Monday, 21 January 2019

Moon

The Moon is a funny customer. Its weight is 1.23% of Earth and it revolves round us in 27 days, 7 hours, 43 minutes and 11.5 seconds. It originated about 4.5 billion years ago, not long after Earth, and always turns the same face towards us. Its distance to the center of Earth varies between roughly 350,000 and 400,000 kilometers. 

Due to its gravity forces the Moon is the prime mover of marine tides on our planet, so I have experienced the Moon’s influence for a large part of my life. In the past we occasionally used the Moon in celestial navigation at sea.
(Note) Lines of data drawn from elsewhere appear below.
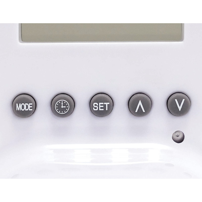 | コピー | 時刻が浮いて見える?ちょっと不思議な置時計。背面のボタンで時間やアラームをセット。お部屋になじむシースルーディスプレー。時刻・日付表示・アラーム・タイマー・温度計。 |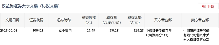 交易概况 - 2026年2月5日,立中集团发生一笔大宗交易,成交量为30.28万股,成交金额为619.23万元,占该股当日总成交额的2.7% [1] - 该笔大宗交易的成交价格为20.45元,较当日市场收盘价22.5元折价9.11% [1] 交易细节 - 交易证券为立中集团,证券代码为300428 [2] - 买方营业部为中信证券股份有限公司湖南分公司 [2] - 卖方营业部为中国银河证券股份有限公司北京中关村大街证券营业部 [2]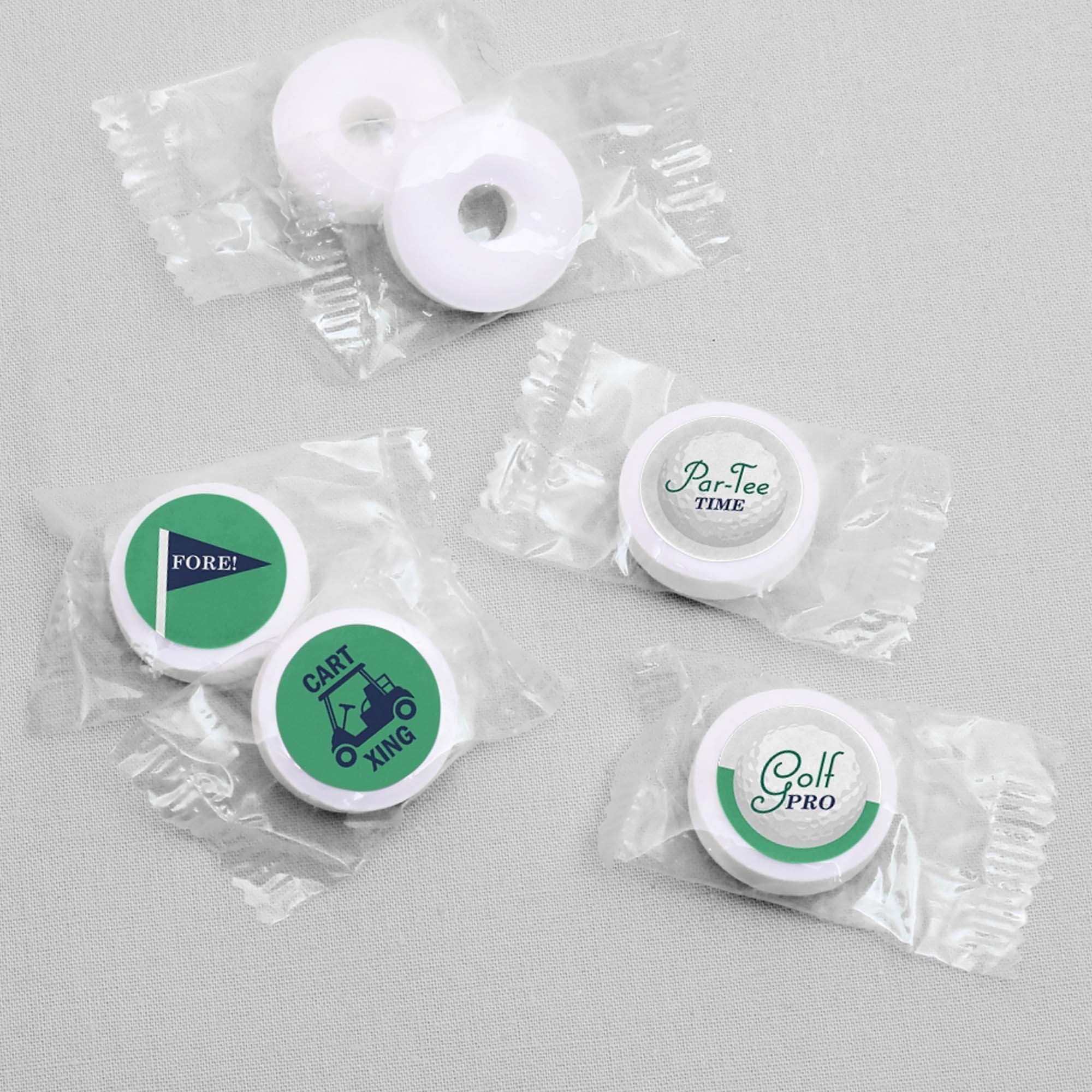 - Par-Tee Time Round Candy Favor Labels INCLUDES 108 candy stickers – perfect for styling adorable golf Birthday or Retirement Party. candy favors. Round candy labels will fit a variety of small candies with a flat, round bottom, like wrapped chocolate or peppermints. Candy not included.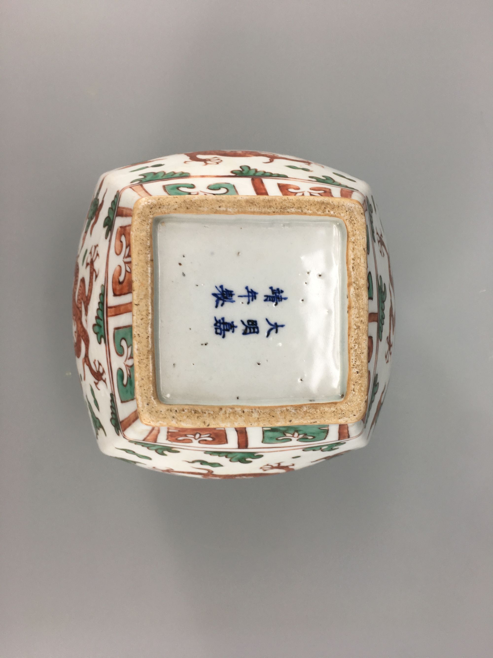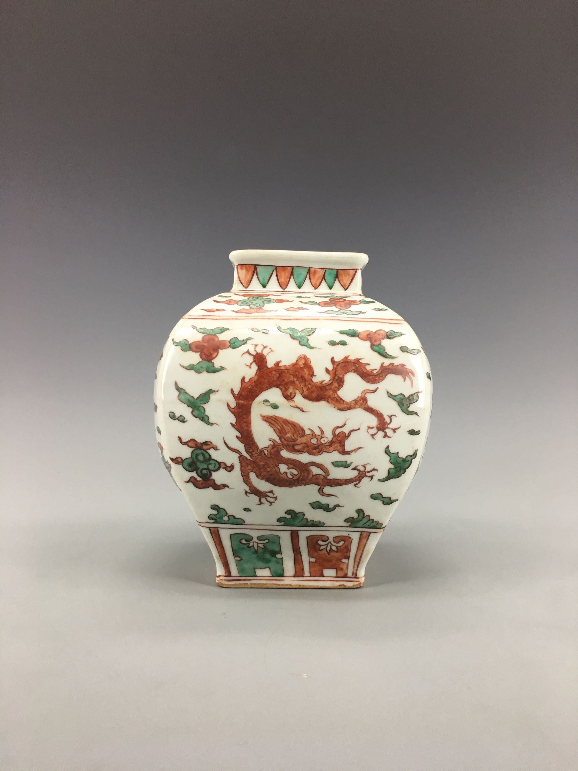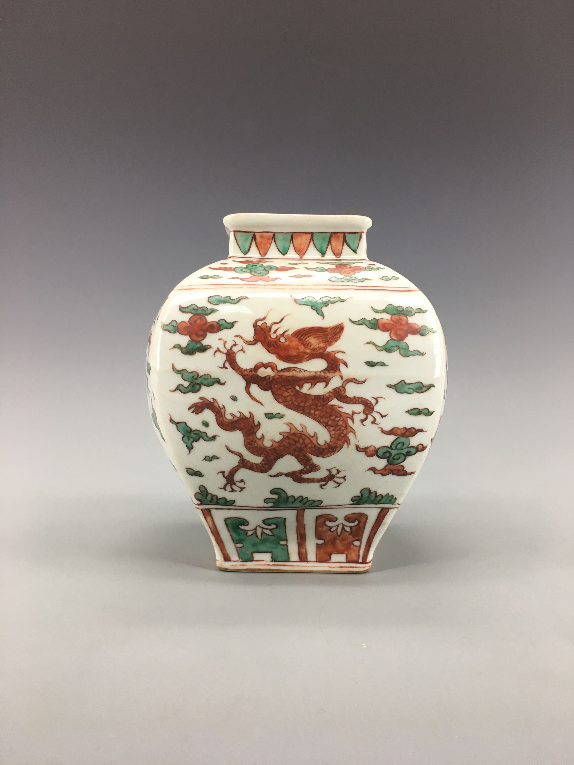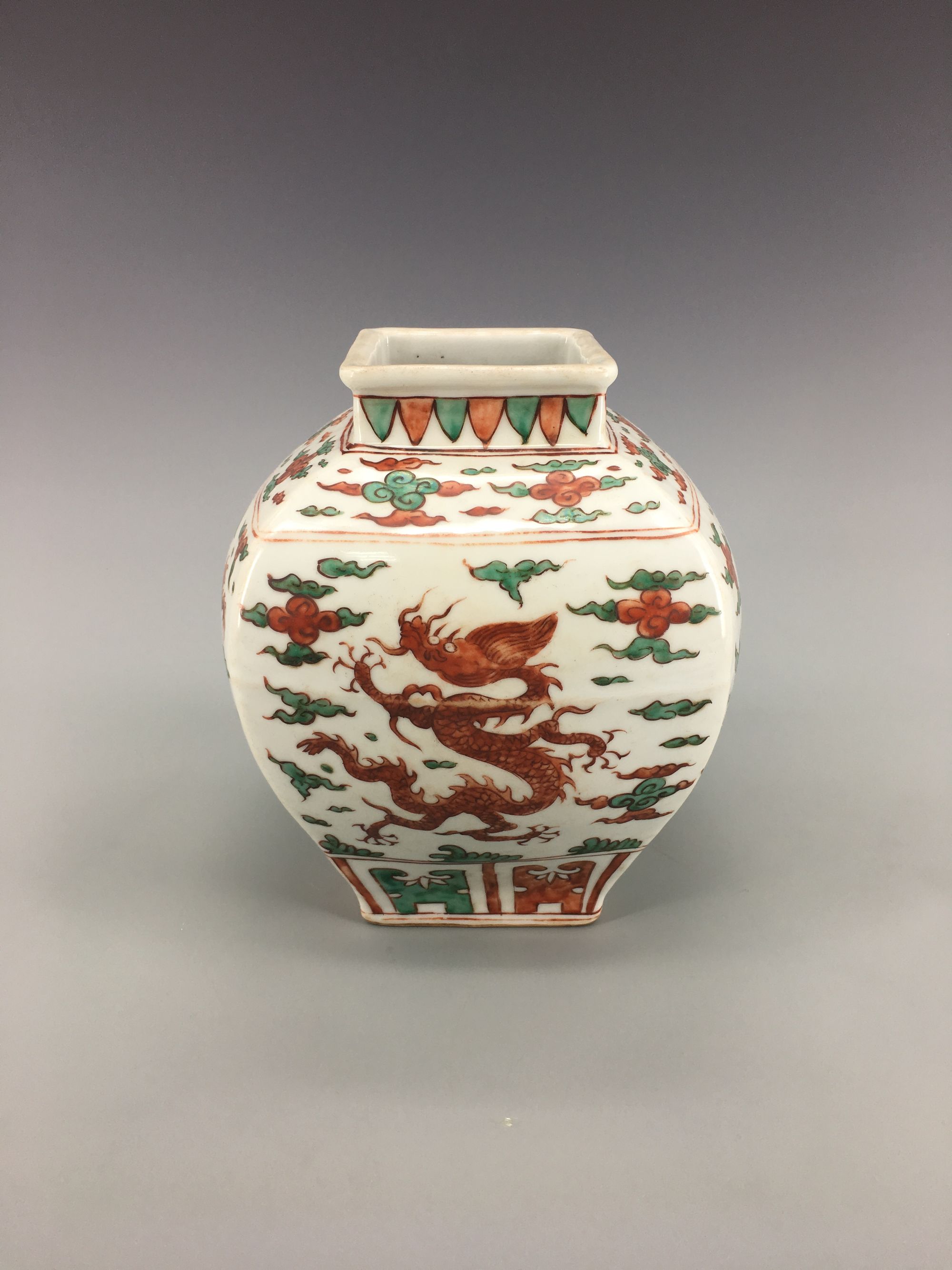 The jar is of square-section, each side is decorated with a dragon amongst cloud scrolls, all between a band of petal lappets to the rim and a lappet band to the foot. An apocryphal Jiajing six-character mark to the base.

Occasionally, because the arithmetic involved is more complex.

Movement
When you look at the sky, you see the Moon tracing its way more slowly from east to west than the Sun. Starting from a new Moon, it drops behind day by day and after a little over 13 days it stands right opposite the Sun - a full Moon.

But unlike the Sun, which travels a neat course through the sky and reaches its highest and lowest position every summer and winter, the Moon staggers over the expanse
like a drunken sailor. In two weeks time, the largest angle it makes with the equator changes from north to south or vice versa. Now it is almost above your head, then again low above the horizon.

Phases
Depending on the light of the Sun shining on the Moon we see it either as a full moon, a part moon or not at all. When the Moon is facing the Sun, it is full. When it is almost in line with the Sun, we can hardly see it (new moon). So when the Sun sets and the Moon rises on the opposite side at the same time, it is full. If it sets shortly after the Sun, we hardly see it, apart perhaps from a narrow sickle.

Lunar eclipse
Earth casts a shadow cone in space, which the Moon passes through occasionally due to its apparently erratic course. The shadow of Earth on the Moon obscures the light of the Sun. Now it is full, and a while later it has partly or completely gone. The last complete lunar eclipse was early this morning, January 21, 2019. I filmed it.


The reddish sheen is due to the red light from the Sun being deflected in Earth's atmosphere and striking the Moon's surface.